Aufgaben des Projektmanagements aus Sicht des Einkaufs
Zu den wichtigsten Projektaufgaben gehören nach heutigem Verständnis 3 wesentliche Bereiche: Planung, Steuerung des Projekts und Überwachung des Projektverlaufs:
mögliche Planungsaufgaben:
- Definition der Projektziele
- Fixieren des Projektzeitraums
- Planen der erforderlichen Ressourcen
denkbare Steuerungsaufgaben:
- Bestimmung des Projektleiters
- Zusammenstellung des Projektteams
- Zuteilung der Teilaufgaben
- Festlegung der Verantwortlichkeiten
regelmäßige Überwachungsaufgaben:
- Terminkontrolle
- Erfolgskontrolle
- Kostenkontrolle
- permanente Motivation der Beteiligten
Das magische Dreieck des Projektmanagements
Um Projekte bereits während der Laufzeit auf Erfolge hin zu kontrollieren, sollten Sie sich des sogenannten magischen Dreiecks des Projektmanagements bedienen.
Es zeigt Ihnen, ob Sie die für den Projekterfolg relevanten Parameter auf „Kurs“ haben.
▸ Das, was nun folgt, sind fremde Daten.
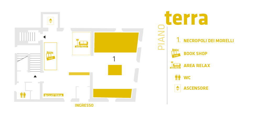 Il piano terra ospita la suggestiva ricostruzione a grandezza naturale della camera sepolcrale di una delle tombe più ricche rinvenute nel territorio di Chianciano Terme; si tratta sicuramente di una tomba principesca, databile al VII sec. a.C. rinvenuta nelle vicinanze della cittadina, lungo un importante asse viario che, attraverso le valli dell’Orcia e dell’Ombrone, conduceva verso le importanti città costiere etrusche di Vetulonia e Populonia. Il corredo rinvenuto indica in modo chiaro lo status del defunto: un aristocratico che nel momento del trapasso nell’aldilà, si è voluto circondare di oggetti simbolo come il necessario per il simposio: un rarissimo tavolo in lamina di bronzo con piano e gambe lavorate a sbalzo e tutto il corredo del simposio come vasi e alari per il fuoco. Notevole l’ossuario globulare in bronzo, in origine con testa in legno, di cui si conserva solo la lamina d’oro e gli occhi in osso e ambra della maschera. Splendido lo scudo in bronzo decorato a sbalzo con motivi geometrici vegetali e zoomorfi. Nella stessa stanza è esposta un’altra interessante tomba di 2 secoli più recente a sepoltura multipla, dove è possibile ammirare i cinerari a forma di casa in pietra fetida dove venivano riposte le ceneri del defunto, decorate e colorate con vivaci colori a testimoniare la ricchezza cromatica del mondo antico.

Darüber hinaus spricht aus Sicht der beteiligten Mitarbeiter vieles für Projektmanagement.
Verhindern Sie eine Form von Projektitis
In einigen Einkaufsabteilungen finden Sie zwischenzeitlich so etwas wie Projektits. Es werden selbst die kleinsten Aufgaben und Tätigkeiten zum Projekt erklärt.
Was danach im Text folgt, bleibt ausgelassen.